**What to produce**: Up to and including the line holding "Die meisten Benutzer", write out the data exactly from its first line, but not the pictures.

**Data shown**:
┌──

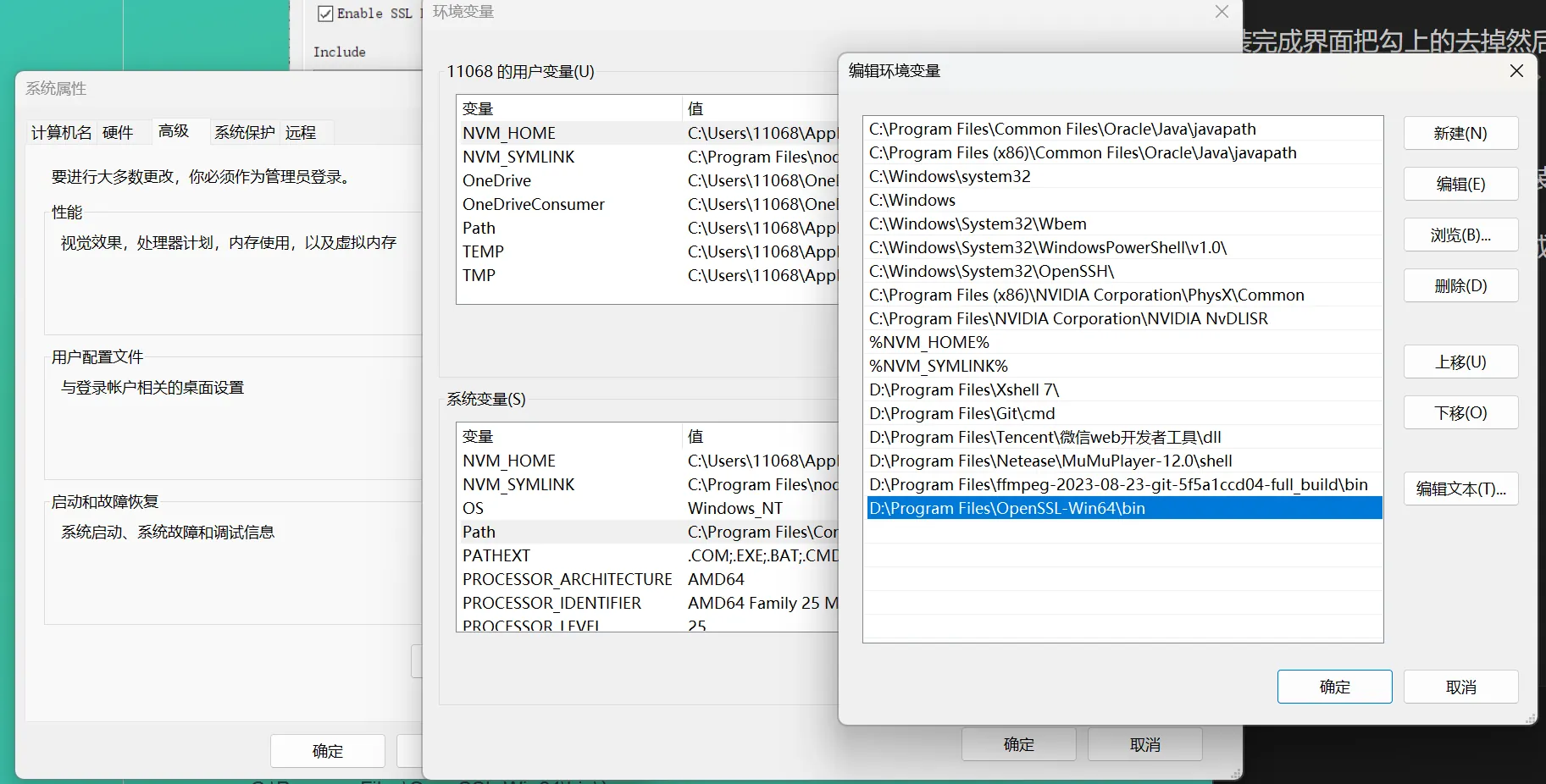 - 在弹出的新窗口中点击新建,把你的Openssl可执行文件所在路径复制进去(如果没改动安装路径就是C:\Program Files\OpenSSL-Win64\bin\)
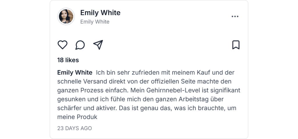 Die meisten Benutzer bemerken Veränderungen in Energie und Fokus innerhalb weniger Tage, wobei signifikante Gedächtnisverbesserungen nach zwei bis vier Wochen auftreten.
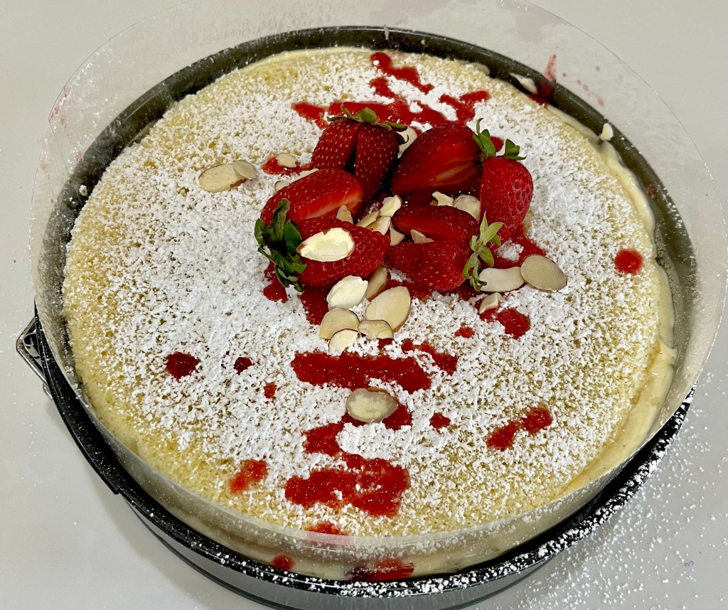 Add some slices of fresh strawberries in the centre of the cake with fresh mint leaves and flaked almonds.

└──

**Response box**:
 - 在弹出的新窗口中点击新建,把你的Openssl可执行文件所在路径复制进去(如果没改动安装路径就是C:\Program Files\OpenSSL-Win64\bin\)
 Die meisten Benutzer bemerken Veränderungen in Energie und Fokus innerhalb weniger Tage, wobei signifikante Gedächtnisverbesserungen nach zwei bis vier Wochen auftreten.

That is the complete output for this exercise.